The Guardians and the role of women in war

The French drama is out now – but it’s not the first film in recent memory to explore the integral role of women in wartime

Freshly Popped

When you think of war through the prism of cinema, your mind is averted to the trenches; the blood, the sweat and the mud, the deafening sound of gunshots, and the fear in the eyes of young, innocent men. Naturally it’s the combat which represents the most common stomping ground, for it allows filmmakers in a myriad of genres to explore the futility of war, where the dramatic potential is most prominent. Prisoner of war camps too make for compelling cinematic settings, as do the courtrooms, in films such as Kubrick’s Paths of Glory or classics like La Grande Illusion.

Iris Bry in The Guardians

Though who was it that filled the tranches, the prisons and the courtrooms? Men. It makes the sub-genre of war movies one prominently dominated by the notion of masculinity, with so few, significant, full-bodied characters on offer to actresses around the world. Yet this is something of a disservice to women during wartime, as they too played such an integral role during these devastating years. The sheer ability to maintain order back home, for we still needed teachers, doctors, mothers. The astonishing courage to to ‘keep calm and carry on’ is nothing short of inspiring – and yet so few filmmakers have delved into their role, though this week marks the release of The Guardians by Xavier Beauvois, which takes place on a French farm during the First World War. A farm, of course, run by women. This film exemplifies the strength, the dignity and the sheer essentiality of those left back at home while their loved ones were on the front line.

Alicia Vikander and Kit Harington in Testament of Youth

We have seen an increase in recent years to delve into similar territory and pay homage to the female contribution, such as in James Kent’s Testament of Youth, starring Alicia Vikander and Kit Harington. The premise here was simple, two young lovers fall hopelessly for one another, until the latter is drafted into the army following Britain’s declaration of war on Germany. Yet unlike so many war movies, this doesn’t follow the journey of our male hero but instead of his female counterpart, and how this young woman harboured ambitions to become a writer, in a society were ambitions had were put to one side until further notice.

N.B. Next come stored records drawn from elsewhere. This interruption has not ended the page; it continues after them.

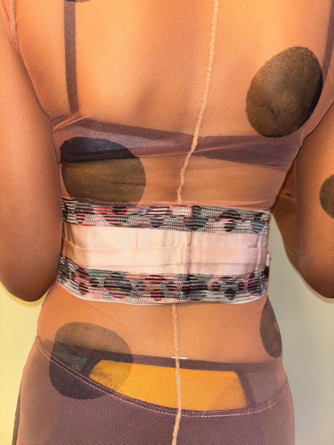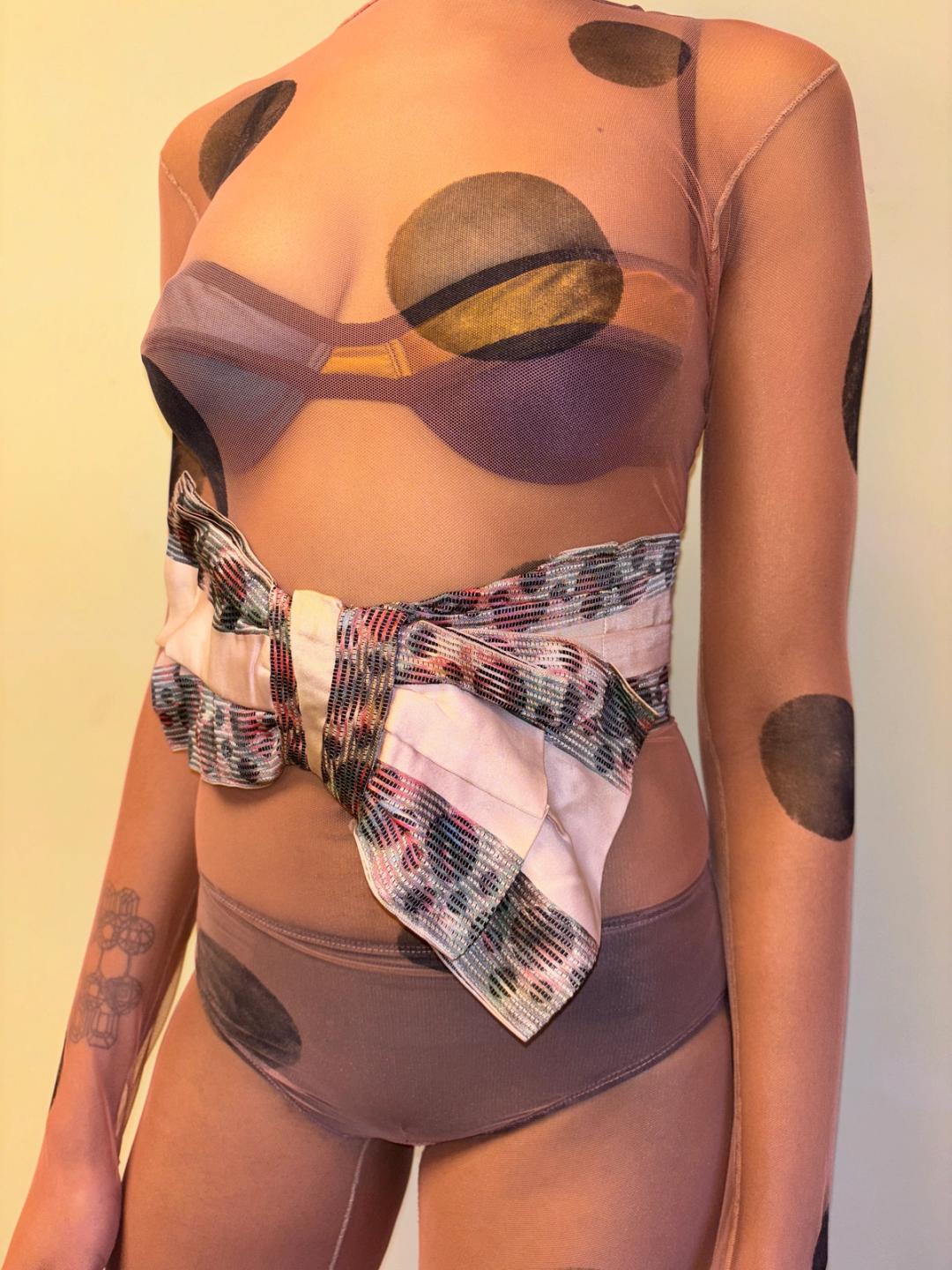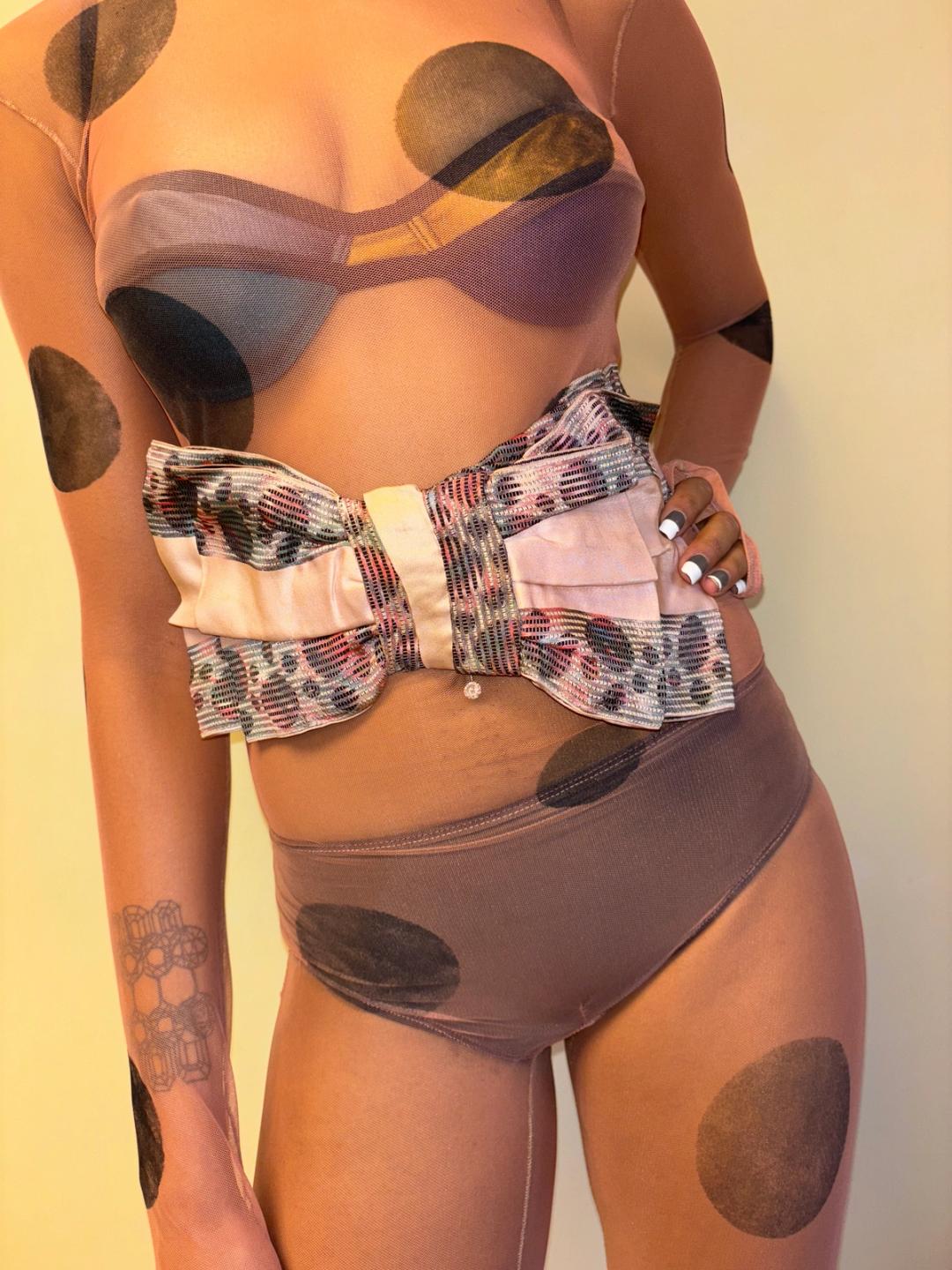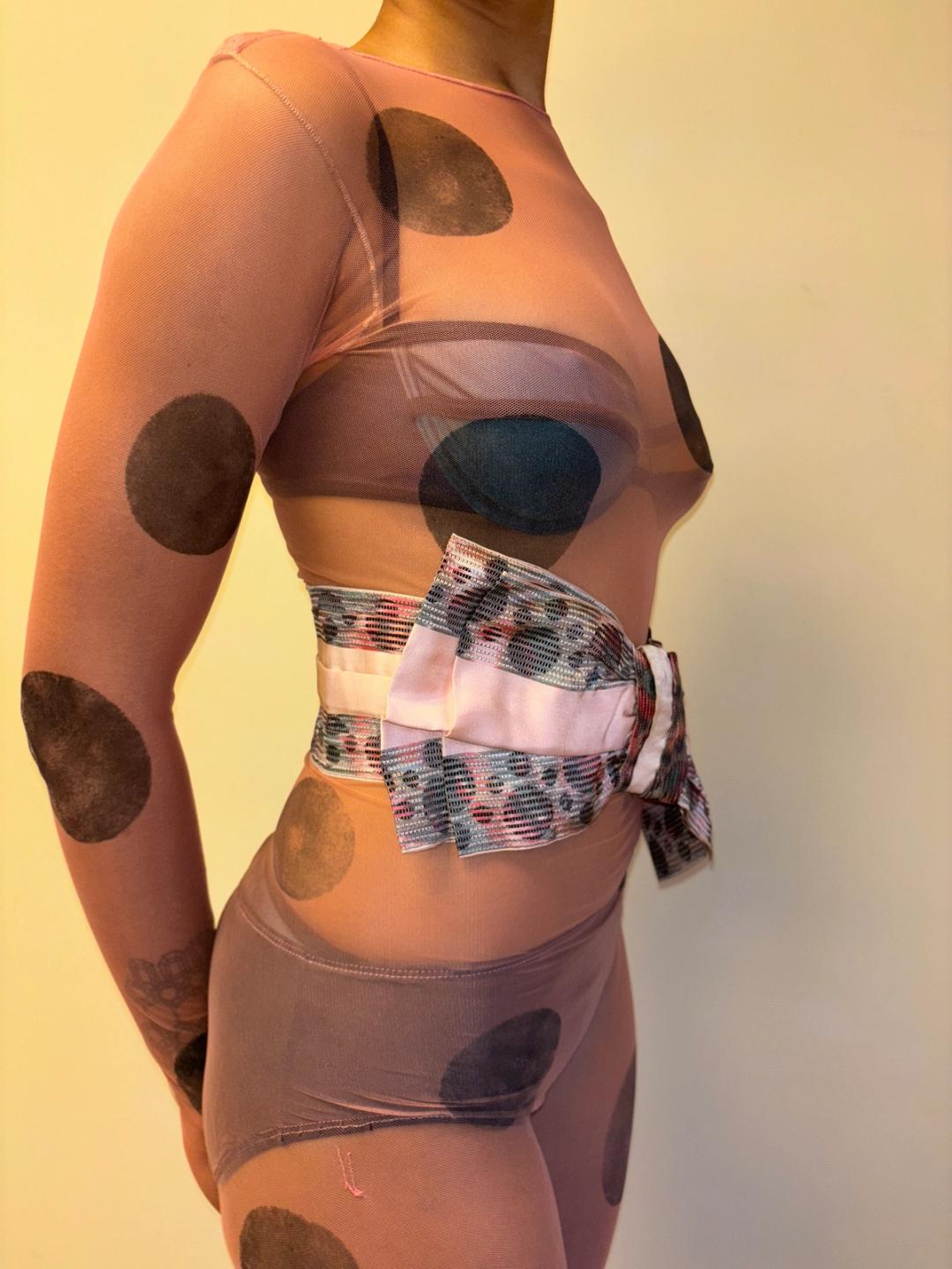 Stunning Edwardian or Victorian bubble print silk bow belt. The bow has boning for structure. It's in sturdy wearable condition.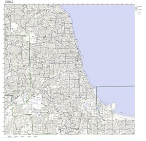 A detailed Chicago, Illinois Wall Map combines two maps in one, along with a street-level map of Chicago downtown showing cities, towns, highways and roads.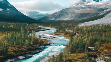 Stunning aerial view of a turquoise river winding through an autumnal forest, nestled amidst majestic mountains.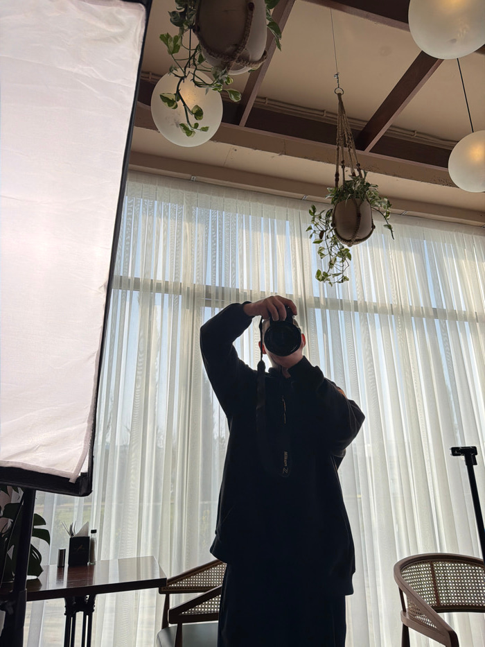The image depicts an indoor scene within what appears to be a modern cafe or restaurant in Tashkent, Uzbekistan. A single individual, silhouetted against a brightly lit window background, is centrally…read more

Gemma Arterton bossing things in Their Finest

In Lone Scherfig’s Their Finest, we also delve into the life of a female writer during the war, this time of a screenwriter played by Gemma Arterton, hired to write positive propaganda to help lift the spirits of those back home. With such a keen eye for detail, thanks to the contribution of movie fanatic-turned-producer Stephen Woolley, the film was not just just a romantic narrative, but a love letter to wartime cinema, with a specific look into the films that were designed and crafted for the female eye, to ensure that while their husbands and fathers were in combat, they were still enthused and entertained, or more accurately, distracted.

Jessica Chastain, in shades, just about ready to change the world

American cinema in recent years has also looked into the pivotal role of women during war, much like in Zero Dark Thirty, and while for Kathryn Bigelow many would consider The Hurt Locker as being a more conventional ‘war film’, this was no less pertinent and profound within the genre it sits, again focusing in on the seemingly perpetual war on terror – though this time from the perspective of a CIA operative, played by Jessica Chastain, who was tasked with identifying the location of Al Qaeda leader Osama Bin Laden. A film steeped in realism, and utilising the subtle theme of the protagonist’s sexuality as a key narrative device, for she had to impress twice as hard than her colleagues would in a world dominated, primarily, by men.

Brit Marling in The Keeping Room

Though realism is not always essential, just take The Keeping Room, which in some ways bears more similarities to that of The Guardians, in that it’s about women keeping guard, protecting their land, their property and their lives, albeit from an incoming assault in this instance. This Daniel Barber movie, starring Brit Marling and Hailee Steinfeld, takes place during the American Civil War, and is a feminist survivalist thriller – with a touch of the Western genre about it – and it is every bit as badass as that sounds, proving that the role of women during war, no matter whether it’s real or fictionalised for dramatic effect, is still an essential topic and area filmmakers have a duty to delve into within cinema, for the role of women during wartime is every bit as courageous as that of the men.

The Guardians is out in cinemas now.